Embrace the Change
Words by Emily Erickson
Transition and change. I'm not the biggest fan of those words. They make me cringe just thinking about them.
A year and a half ago I had to put my big girl pants on, walk across a stage, receive my college diploma, and head back to my hometown with no set plan of what was next. I was afraid. I wasn't ready to return back to a place where my community had dramatically changed over the four years while I was away at college.
Through tears and the terrifying fear of the unknown, I decided I was going to embrace the transition and whatever God had planned for me. Easier said than done. There were lonely days: I no longer had all my closest friends at my convenience to meet up with and grab lunch at a moment's notice. The community I'd invested in for four years was changing and moving away to different parts of the United States to do different things.
As time passed, I settled into a new way of life and things started to look up. I got a job, ended up getting into graduate school, and started to form community back in my hometown.

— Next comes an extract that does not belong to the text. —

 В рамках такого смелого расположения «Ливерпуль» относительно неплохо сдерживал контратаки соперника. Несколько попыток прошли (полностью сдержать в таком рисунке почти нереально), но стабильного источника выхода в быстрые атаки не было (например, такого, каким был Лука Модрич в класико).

Through it all, God met me in my weaknesses and in my hardest moments of transition. He was able to take my fear and stretch me in ways that I didn’t know I could be stretched. He was patient with me through my two-year-old tantrum moments, not wanting to lay aside my determination to have my own plan.
There came a point where I knew in my heart and soul that trusting my own plan was going to get me nowhere. Instead, I had to face the reality that my Savior goes before me and provides a way in the messiness of transition. My feeble heart had to be reminded of the Father's faithfulness and that He is worthy of my trust.

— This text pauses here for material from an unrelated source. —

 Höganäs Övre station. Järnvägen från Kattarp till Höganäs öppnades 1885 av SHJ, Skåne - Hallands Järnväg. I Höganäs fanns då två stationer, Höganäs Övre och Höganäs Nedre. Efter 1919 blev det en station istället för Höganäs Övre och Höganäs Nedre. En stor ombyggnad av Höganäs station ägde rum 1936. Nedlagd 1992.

I look back on this past year and a half and now I see all the wonderful opportunities God placed in my life. He has provided so much for me through graduate school, old friendships being restored, and bringing me a wonderful community of people who have encouraged me in so many ways. Through all of this, He has revealed to me, once again, that His plans are way better than I could ever fathom.
Sweet friend, I hope that you can embrace the changes and transitions that you are going through. May you be able to trust the God of heaven and earth who holds your heart in the palms of His hands, believing He knows what is best for you.
Transition looks different for everyone and I think that is such a blessing because God is able to bring people and opportunities across all of our paths to encourage us and bring us through life-altering moments. Know that He is consistent and faithful in the changes of life.
May you be able to deeply embrace where He is taking you and flourish through this time of change.
The transition is just a season. I hope that you will be able to look back and see how far God has brought you along your journey, however that may look. He is able to create beauty in the difficulties and the unknowns.
Embrace. Trust. Flourish.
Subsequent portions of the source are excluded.